A little humor and lore to close out 2019…
For four years (2013 – 2017) until her passing in December 2017, I helped manage the blog for my miniature schnauzer Sassy, the Highly Opinionated Miniature Schnauzer – SCHNAUZER SNIPS: MUSINGS FROM A HIGHLY OPINIONATED MINIATURE SCHNAUZER.
In February 2017 Sassy posted about Human Storage– how humans are always getting dropped off at this place called “the airport” where they appear to be stored for a period of time and then get picked up.
Keep in mind she viewed life from a dog’s perspective!
I’ve traveled a lot in 2019, likely the most I’ve ever traveled in my life.
For my trips to the airport in 2019 while I lived in Central Oregon (January to April) and then after I moved to the greater Denver metro area (April), I’ve tried to have Mike my miniature schnauzer be in the car taking me to the airport and picking me up.
Mike seems to understand when I am going into “human storage” and when I am being retrieved! It appears to lessen his anxiety when I am missing from his home for a couple days to a week – he knows I am just in storage!
Speaking of airports, I did not know about this until I moved to Denver, but the Denver International Airport (DIA) has quite a bit of lore about it.
This lore includes conspiracy theories such as that it contains secret underground bunkers.
You can read a summary of some of the common theories on this page – “5 Conspiracy Theories Surrounding the Denver Airport” on mental floss.com.
Some of the biggest DIA lore surrounds the airport “mascot” and the strange murals around the airport. Here is an excerpt from mental floss.com:
Conspiracy theories aside, it’s hard to deny the weirdness of DIA’s unofficial mascot—a massive horse statue called “Blue Mustang” that has already killed at least one man.
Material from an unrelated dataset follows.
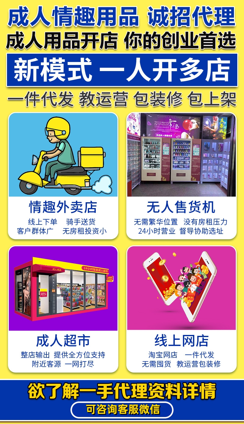 低成本创业攻略:千元开成人用品网店,工作副业两开花!上班族,宝妈,大学生都可以做的副业,一部手机,开成人用品线上网店,外卖店,一人可以在多个平台上开店。边上班边赚钱,全天进账,隐私性强,一件代发无需囤货发货,亲朋好友不会知道。成人用品开店有多种套餐可选:无人售货机店、无人仓、美团外卖、饿了么、淘宝、拼多多、京东、天猫、阿里巴巴、微信小程序、独立商城等。单品一般有200%-500%的利润。提供营业执照、二类医疗办理指导。授予代理商开网店、实体店资质证件,省去很多麻烦。咨询微信:1046141857

At 32 feet tall and 9000 pounds (it’s made out of fiberglass), “Blue Mustang” is huge and imposing, and its glowing red eyes don’t help matters. This thing is giant and really scary—and it killed the man who made it. Really. Artist Luis Jimenez died in 2006 when a piece of the sculpture’s head broke off and severed an artery in his leg.
Leo Tanguma’s two murals, which take up wide swathes of wallspace in DIA’s baggage claim, might have some nice names—they are called “Children of the World Dream of Peace” and “In Peace and Harmony with Nature,” respectively—but their actual content is terrifying. Death-masked soldiers stalk children with guns, animals are dead and kept under glass, and the entire world looks to have been destroyed. As if being at the airport isn’t bad enough.
I’ve spent a lot of time at DIA since moving to the Denver area in April 2019 and so far it just seems like a large airport, nothing creepy. I’ve seen a couple of the controversial murals in person and they just seem odd and like they were created by someone on a LSD trip!
DIA has been under going a remodel and the airport leadership appears to have a sense of humor about the conspiracy theories familiar to locals.
You can’t say people in Denver do not have a sense of humor!
For some of my readers it is already 2020! For me in Colorado, 2020 is about to shortly begin.
I’ve already begun formulating my 2020 resolutions and look forward to reading some of yours. I have a lot of sewing (and more traveling/human storage at the airport) planned and looking forward to sharing my adventures with you.